**INFORMATION SUPPLIED**
+ + + +
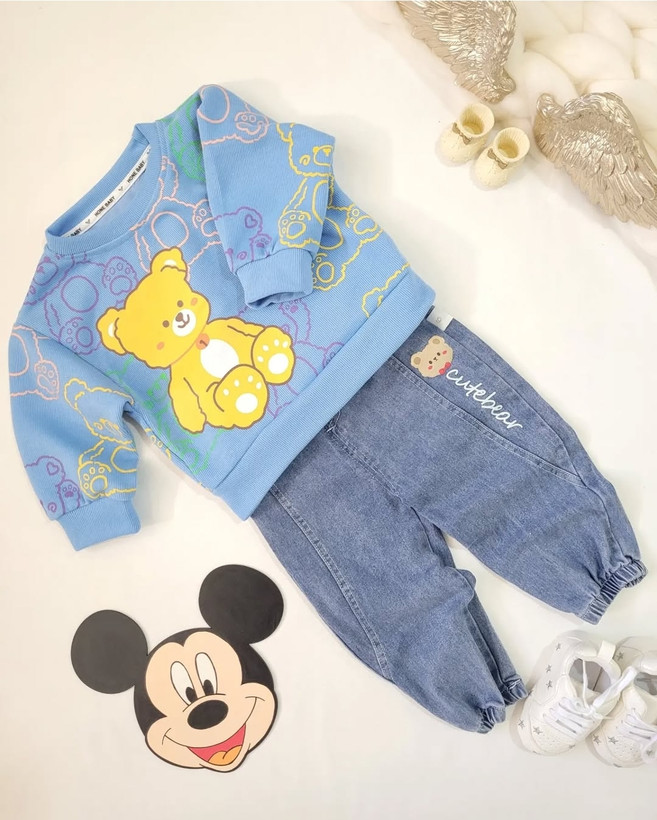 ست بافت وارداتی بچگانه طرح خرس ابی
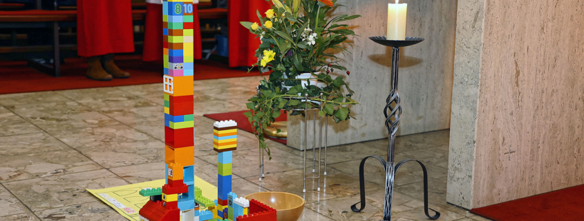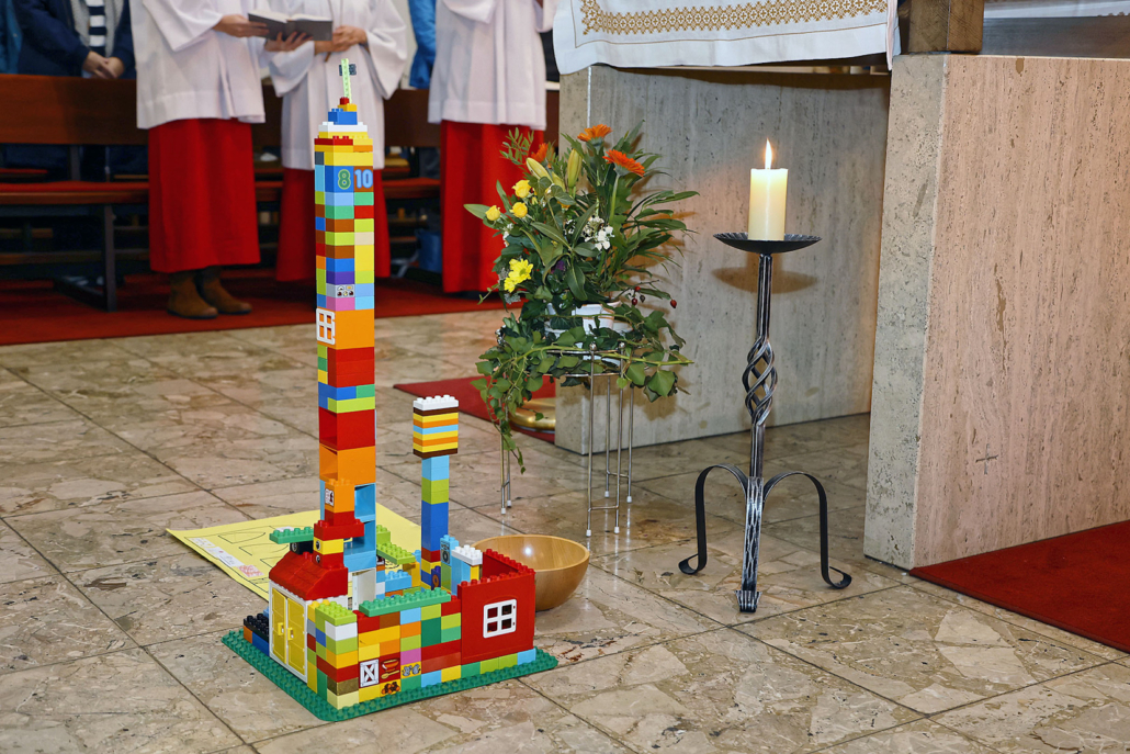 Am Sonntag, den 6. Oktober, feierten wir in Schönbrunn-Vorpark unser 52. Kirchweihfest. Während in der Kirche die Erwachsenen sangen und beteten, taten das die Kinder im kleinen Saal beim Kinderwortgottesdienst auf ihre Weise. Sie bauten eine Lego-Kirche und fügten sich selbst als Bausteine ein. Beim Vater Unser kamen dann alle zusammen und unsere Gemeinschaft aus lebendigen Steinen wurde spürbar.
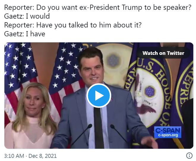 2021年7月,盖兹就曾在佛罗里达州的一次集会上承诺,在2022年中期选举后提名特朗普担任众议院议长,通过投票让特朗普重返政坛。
+ + + +
**WHAT IS BEING ASKED**
Please repeat the data verbatim and leave the pictures out of your copy.

**RESPONSE FOR THIS EXERCISE**
 ست بافت وارداتی بچگانه طرح خرس ابی
 Am Sonntag, den 6. Oktober, feierten wir in Schönbrunn-Vorpark unser 52. Kirchweihfest. Während in der Kirche die Erwachsenen sangen und beteten, taten das die Kinder im kleinen Saal beim Kinderwortgottesdienst auf ihre Weise. Sie bauten eine Lego-Kirche und fügten sich selbst als Bausteine ein. Beim Vater Unser kamen dann alle zusammen und unsere Gemeinschaft aus lebendigen Steinen wurde spürbar.
 2021年7月,盖兹就曾在佛罗里达州的一次集会上承诺,在2022年中期选举后提名特朗普担任众议院议长,通过投票让特朗普重返政坛。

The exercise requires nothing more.